Joint embedding predictive architectures (JEPA) and world modeling

This is lesson 7 of Track 24, the opener of Phase 4 (Advanced multimodal directions). By the end you will be able to contrast generative pretraining (the dominant training paradigm in Phases 2 and 3) with JEPA’s embedding-space alternative, walk through the I-JEPA and V-JEPA recipes, and connect the framework to world modeling. The one capability to walk away with: given a training setup, identify whether the loss compares predicted-to-actual raw outputs or predicted-to-actual representations, and predict which kind of capability the model is biased toward.

The lesson maps to Hazel Nam and Lucas Maes’s CS25 V6 guest lecture (April 9, 2026); full attribution is in this lesson’s references.

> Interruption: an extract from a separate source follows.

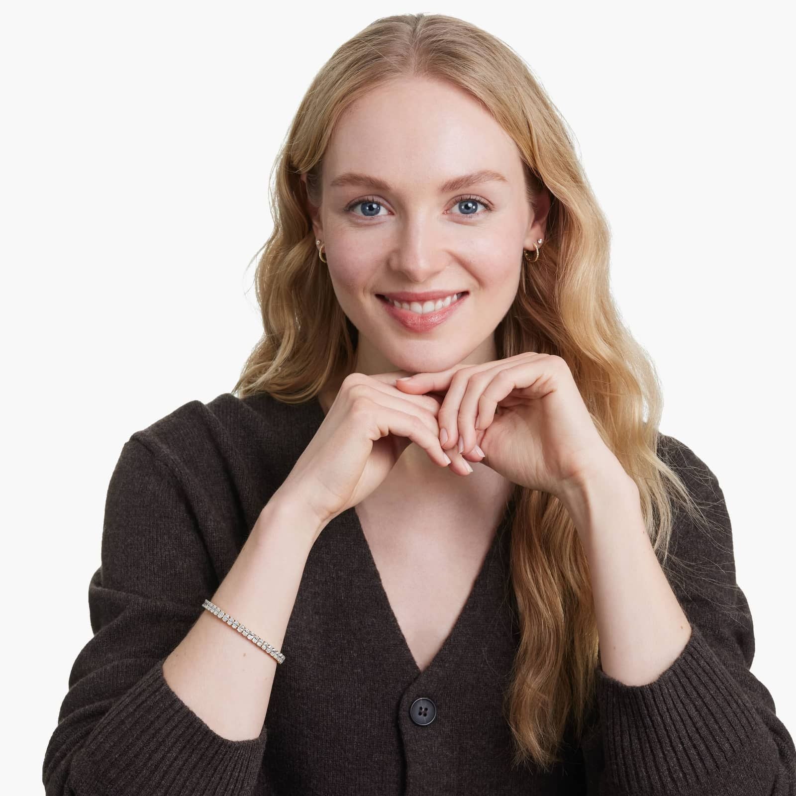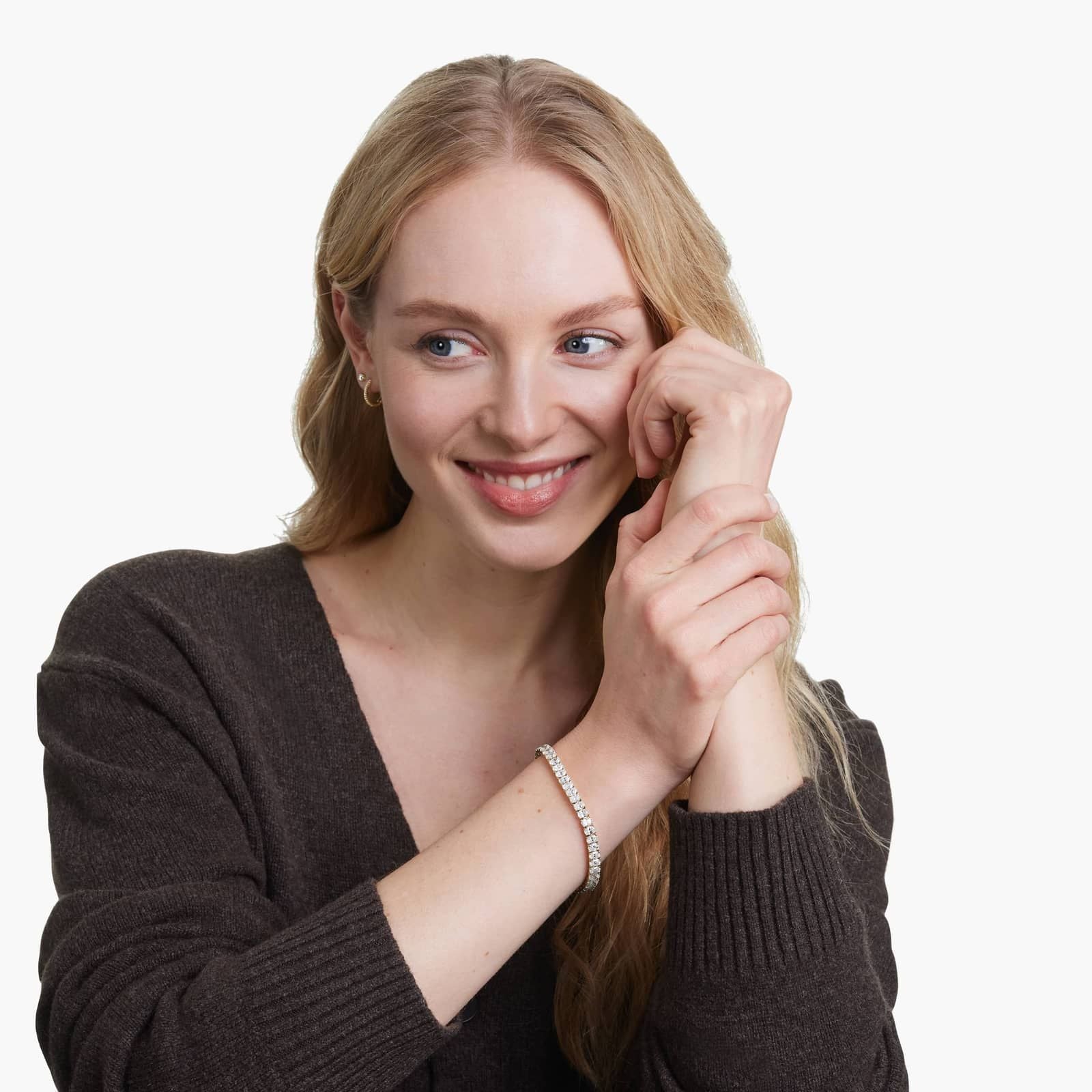 The smooth elegant design rests comfortably along the wrist with a gentle fluidity that adds sophistication to both everyday style and elevated moments. Its luxurious sparkle and serene silver finish create a harmonious balance of grace and confidence making it a piece that feels enduring and emotionally captivating.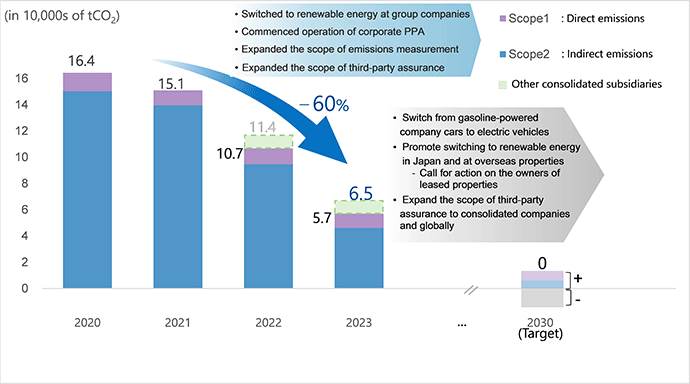• Expansion of the scope of carbon neutrality target to the consolidated group (previously limited to seven group companies)

This opens Phase 4 by surfacing the most articulated alternative to generative pretraining in modern multimodal AI. Phases 2 and 3 all leaned on generative pretraining (predict next token, predict next denoising step, predict next spacetime patch); this lesson asks what changes if the prediction is moved into embedding space. The world-modeling extension sets up the rest of Phase 4: lesson 8 takes a specific multimodal-world-model application (drug discovery) into scientific territory; lesson 9 covers multimodal agents in production; lesson 10 closes the track with synthesis.

Prerequisite: Lesson 3, Native multimodal intelligence. You need the generative-pretraining paradigm established there (one transformer, mixed-modality tokens, next-token prediction across the stream) because this lesson is the principled contrast to it. The diffusion-side generative work from lessons 5 and 6 also helps but is not strictly required; the contrast point is generative-pretraining-as-a-family.

  • State the surface-reproduction-tax objection to generative pretraining
  • Walk the JEPA training loop (mask, encode context and target, predict in embedding space)
  • Distinguish I-JEPA from V-JEPA
  • Explain the JEPA-style world-modeling connection
  • Apply the operational scope test to JEPA + world-modeling claims
  • Read time: about 13 minutes
  • Practice time: about 15 minutes (a generative-or-JEPA classification, an operational scope-test exercise, and flashcards)
  • Difficulty: standard